This process is called _initial factor extraction_. There are a number of methods to solve, we will explore three: principal components, iterated components, and maximum likelihood. The mathematical details of each are left in the textbook for interested readers.
2. The second step is to obtain a new set of factors, called _rotated factors_ which is done to improve interpretation.

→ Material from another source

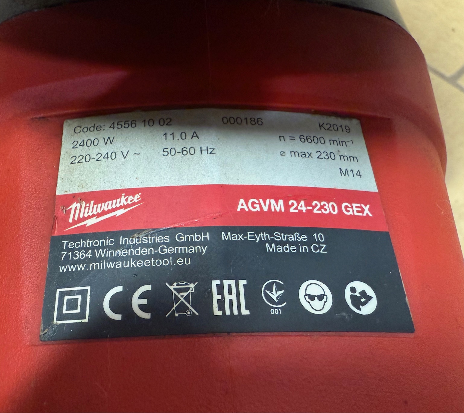 Do sprzedania w bardzo ładnym zadbanym stanie Szlifierka kątowa 230mm 2400W Milwaukee AGVM 24-230 GEX DMS [230V] rok produkcji 2019.

We will first explore these steps using simulated data.
## Example data setup {#fa-example}
Generate 100 data points from the following multivariate normal distribution:
$$\mathbf{\mu} =
\left(\begin{array}
{r}
0.163 \\
0.142 \\
0.098 \\
-0.039 \\
-0.013
\end{array}\right),
\mathbf{\Sigma} =
\left(\begin{array}
{cc}
1 & & & & & \\
0.757 & 1 & & & & \\
0.047 & 0.054 & 1 & & & \\
0.155 & 0.176 & 0.531 & 1 & \\
0.279 & 0.322 & 0.521 & 0.942 & 1
\end{array}\right)
$$.
```{r}
set.seed(456)
m <- c(0.163, 0.142, 0.098, -0.039, -0.013)
s <- matrix(c(1.000, 0.757, 0.047, 0.155, 0.279,
0.757, 1.000, 0.054, 0.176, 0.322,
0.047, 0.054, 1.000, 0.531, 0.521,
0.155, 0.176, 0.531, 1.000, 0.942,
0.279, 0.322, 0.521, 0.942, 1.000),
nrow=5)
data <- data.frame(MASS::mvrnorm(n=100, mu=m, Sigma=s))
colnames(data) <- paste0("X", 1:5)
```
Standardize the $X$'s.
```{r}
stan.dta <- as.data.frame(scale(data))
```
The hypothetical data model is that these 5 variables are generated from 2 underlying factors.
$$
\begin{equation}
\begin{aligned}
X_{1} &= (1)*F_{1} + (0)*F_{2} + e_{1} \\
X_{2} &= (1)*F_{1} + (0)*F_{2} + e_{2} \\
X_{3} &= (0)*F_{1} + (.5)*F_{2} + e_{3} \\
X_{4} &= (0)*F_{1} + (1.5)*F_{2} + e_{4} \\
X_{5} &= (0)*F_{1} + (2)*F_{2} + e_{5} \\
\end{aligned}
\end{equation}
$$
**Implications**
* $F_{1}, F_{2}$ and all $e_{i}$'s are independent normal variables
* The first two $X$'s are inter-correlated, and the last 3 $X$'s are inter-correlated
* The first 2 $X$'s are NOT correlated with the last 3 $X$'s
```{r}
#library(corrplot)
corrplot(cor(stan.dta), tl.col="black")
```
## Factor Extraction Methods {#fa-extract}
Methods
1. Principal Components
2. Iterated Components
3. Maximum Likelihood
### Principal components (PC Factor model)
Recall that $\mathbf{C} = \mathbf{A}\mathbf{X}$, C's are a function of X
$$ C_{1} = a_{11}X_{1} + a_{12}X_{2} + \ldots + a_{1P}X_{p} $$
We want the reverse: X's are a function of F's.
* Use the inverse! --> If $c = 5x$ then $x = 5^{-1}C$
The inverse PC model is $\mathbf{X} = \mathbf{A}^{-1}\mathbf{C}$.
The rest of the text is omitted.